Benchmarking Educational LLMs with Analytics: A Case Study on Gender Bias in Feedback
Summary: arXiv:2511.08225v2 Announce Type: replace-cross
Abstract: As teachers increasingly turn to GenAI in their educational practice, we need robust methods to benchmark large language models (LLMs) for pedagogical purposes. This article presents an embedding-based benchmarking framework to detect bias in LLMs in the context of formative feedback.
Using 600 authentic student essays from the AES 2.0 corpus, we constructed controlled counterfactuals along two dimensions:
- Implicit cues: lexicon-based swaps of gendered terms within essays.
- Explicit cues: gendered author background in the prompt.

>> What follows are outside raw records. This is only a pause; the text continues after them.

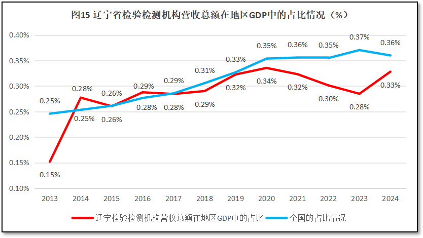 从图15可见,从2014年到2020年,辽宁省检验检测机构营收总额在当地GDP中的占比逐年增长,且与全国平均数十分接近。但2020年之后辽宁省的占比停止增长,连续三年出现下降,同时拉大了与全国平均数的差距,显示出完全不同的发展趋势。2024年,辽宁省检验检测机构营收总额在当地GDP中的占比有较大提升,大大缩小了与全国平均数的差距。
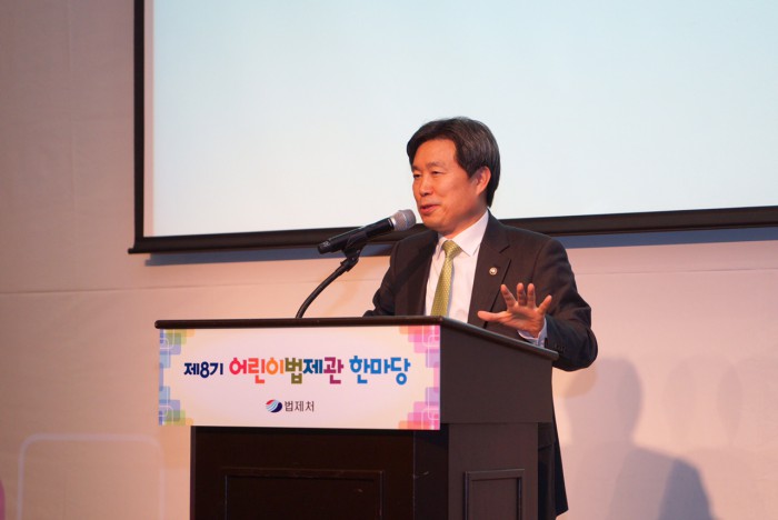 한편 법제처는 전국 초등학교 4~6학년(신학기 기준)을 대상으로 다음달 1일부터 31일까지 제9기 어린이법제관을 신청 받을 예정이다.제정부 법제처장이 26일 서울 영등포구 그랜드컨벤션센터에서 열린 '제8기 어린이법제관 한마당 행사'에서 인사말을 하고 있다. <사진제공=법제처>
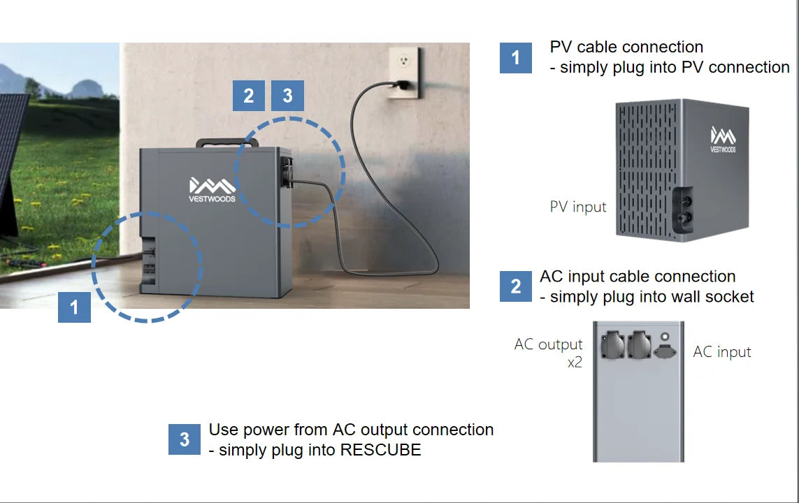 Supports both AC charging and solar DC charging, allowing for quick and flexible recharging.

We investigated six representative LLMs:
- GPT-5 mini
- GPT-4o mini
- DeepSeek-R1
- DeepSeek-R1-Qwen
- Gemini 2.5 Pro
- Llama-3-8B
Initially, we quantified the response divergence with cosine and Euclidean distances over sentence embeddings and then assessed significance via permutation tests. Finally, we visualized structure using dimensionality reduction techniques.
Our findings indicated that in all models, implicit manipulations reliably induced larger semantic shifts for male-female counterfactuals than for female-male. Notably, only the GPT and Llama models demonstrated sensitivity to explicit gender cues. These results suggest that even state-of-the-art LLMs exhibit asymmetric semantic responses to gender substitutions, indicating persistent gender biases in the feedback provided to learners.
Qualitative analyses further revealed notable linguistic differences in feedback. For example, feedback under male cues tended to be more autonomy-supportive, while feedback under female cues was often more controlling. This raises critical questions about the implications of using LLMs in educational contexts, especially regarding fairness and equity.
In light of these findings, we discuss several implications for fairness auditing of pedagogical GenAI:
- Establishing comprehensive reporting standards for counterfactual evaluation in learning analytics.
- Developing practical guidance for prompt design and deployment to ensure equitable feedback.
- Encouraging educators to critically assess the outputs of LLMs in their practice and to be aware of potential biases.
As the integration of AI in education becomes more prevalent, it is imperative that educators and researchers collaborate to create frameworks that not only benchmark LLMs for effectiveness but also ensure that these tools promote fairness and equity in student learning experiences. The findings of this study serve as a call to action for continued research and development in the field of educational AI, reinforcing the necessity of vigilance against embedded biases that could affect student outcomes.